Under the Hardware Linker Settings in the open vitis-sys.json file, start by selecting the + command next to the Binary Containers. This lets you add a binary container when one doesn’t exist. Accept the default name binary_container_1 and select both the HLS components that are displayed: mm2s and s2mm. This creates the binary container for the System project and lets you add HLS components at the same time.

Expand the Binary Container and scroll down to the AIE Graphs and select + to select and add the aie_component.

Select the hw_link/binary_container_1-link.cfg to edit the configuration file containing commands that determine how the hw_link process will run and the how device binary will be generated. The Config File Editor opens and displays the V++ Linker Settings. Look through the settings to see what is available. In the lower half of the Config File Editor is a Kernels Data section that lets you specify the number of CUs for each kernels, or the naming convention applied. You can also enable profiling options for when the device is run.
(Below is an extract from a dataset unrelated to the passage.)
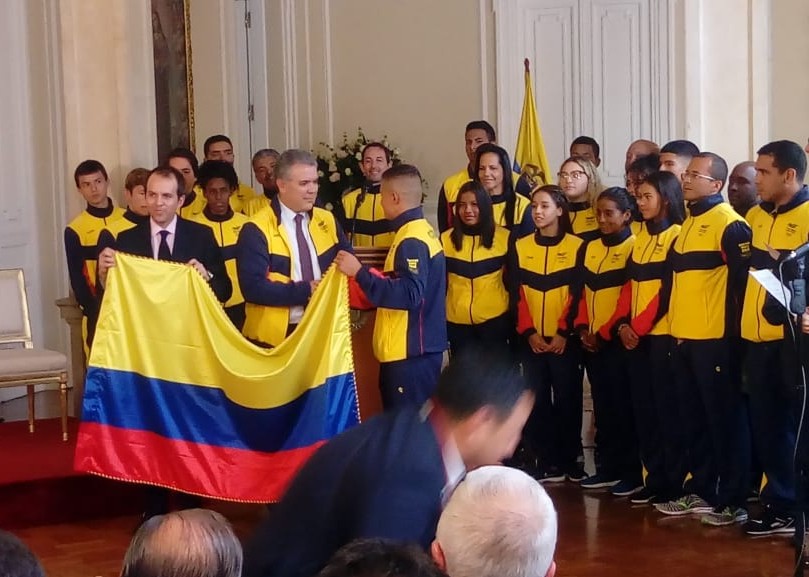 BOGOTÁ, Colombia 19 de septiembre de 2018.– El presidente de la República de Colombia, Iván Duque Márquez, entregó la bandera a la delegación nacional que estará participando en los III Juegos Olímpicos de la Juventud, que se realizarán del 6 al 18 de octubre en la ciudad de Buenos Aires, Argentina.

Select the Source Editor command to see the text form of the Config File Editor.

The design features a number of PL kernels as well as the AI Engine graph. You need to tell the linker how to connect the AI Engine array to PL and vice versa. You will need to replace the current lines in the config file:

[connectivity]
nk=mm2s:1:mm2s_1
nk=s2mm:1:s2mm_1

With the following lines:

[connectivity]
nk=mm2s:1:mm2s
nk=s2mm:1:s2mm
sc=mm2s.s:ai_engine_0.DataIn1
sc=ai_engine_0.DataOut1:s2mm.s
Option/Flag Description
nk Specifies the number of instantiations of the kernel as described in Creating Multiple Instances of a Kernel.
stream_connect/sc Specifies the connections to be made between streaming outputs and inputs as described in Specifying Streaming Connections.

NOTE: For ai_engine_0 the streaming input and output names are provided in the graph.h, for example:

in = adf::input_plio::create("DataIn1", adf::plio_32_bits,"data/input.txt");

Close the Config File Editor and return to the System project.

Click the link for the Package Settings config file, package/package.cfg. The packaging process creates the packaged SD card directory and contains everything needed to boot Linux and run your generated application and device binary.

Unified IDE - System Project Package

Examine the file, scroll down to the AI Engine settings. Select the checkbox for Do Not Enable Cores to prevent the AI Engine from starting before the Application begins. Switch to the text view of the package.cfg file and ensure it has the defer_aie_run=true statement in it.

Close the package.cfg file when you are finished.

Finally, you can add the host application to the System project. Select the Add Existing Component link under the Component heading. Select the Application component to add. Add the host application.

The System project is now fully defined.